**Dataset extract:**
/---

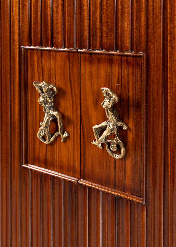 rosewood, mahogany, nickel-plated brass
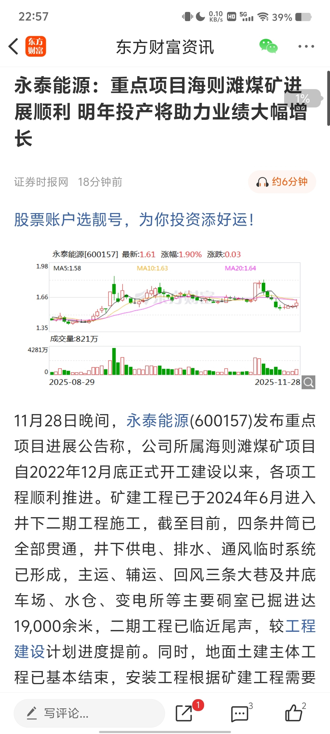 永泰能源:重点项目海则滩煤矿进展顺利明年投产将助力业绩大幅增长抓重点,重点项目海
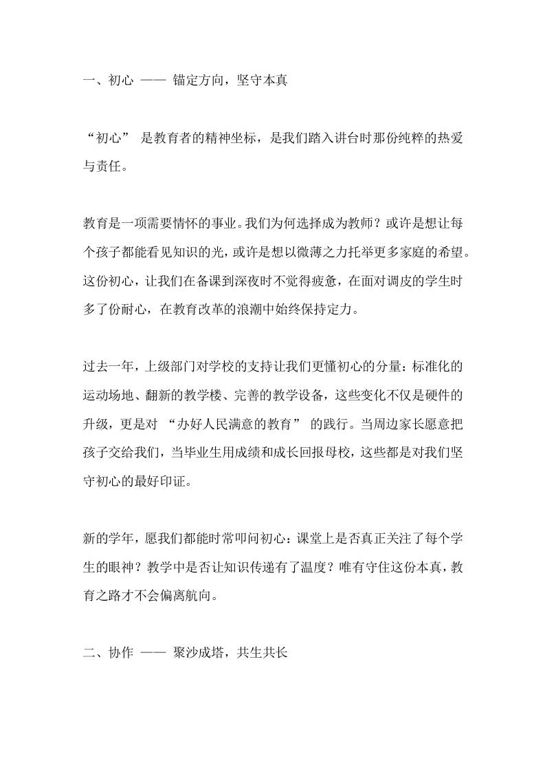 2025秋季开学前全体教师会,校长讲话:以初心、协作、精进、担当。4个关键词,坚守教育本真,共赴育人征程admin2个月前发布关注私信03413 ——预览已结束,还剩3页未读——开通会员后可免费下载高清完整文档 2025秋季开学前全体教师会,校长讲话:以初心、协作、精进、担当。4个关键词,坚守教育本真,共赴育人征程此内容为付费资源,请付费后查看¥9.9黄金会员免费钻石会员免费暂时无法购买,请与站长联系您当前未登录!建议登陆后购买,可保存购买订单格式docx页数5 页大小14.27 KB付费资源© 版权声明文章版权归作者所有,未经允许请勿转载。THE END发言稿 喜欢就支持一下吧点赞13 分享QQ空间微博QQ好友海报分享复制链接收藏

\---

Transcribe the material above word for word; images do not belong in the copy.

**Response to this task:**
 rosewood, mahogany, nickel-plated brass
 永泰能源:重点项目海则滩煤矿进展顺利明年投产将助力业绩大幅增长抓重点,重点项目海
 2025秋季开学前全体教师会,校长讲话:以初心、协作、精进、担当。4个关键词,坚守教育本真,共赴育人征程admin2个月前发布关注私信03413 ——预览已结束,还剩3页未读——开通会员后可免费下载高清完整文档 2025秋季开学前全体教师会,校长讲话:以初心、协作、精进、担当。4个关键词,坚守教育本真,共赴育人征程此内容为付费资源,请付费后查看¥9.9黄金会员免费钻石会员免费暂时无法购买,请与站长联系您当前未登录!建议登陆后购买,可保存购买订单格式docx页数5 页大小14.27 KB付费资源© 版权声明文章版权归作者所有,未经允许请勿转载。THE END发言稿 喜欢就支持一下吧点赞13 分享QQ空间微博QQ好友海报分享复制链接收藏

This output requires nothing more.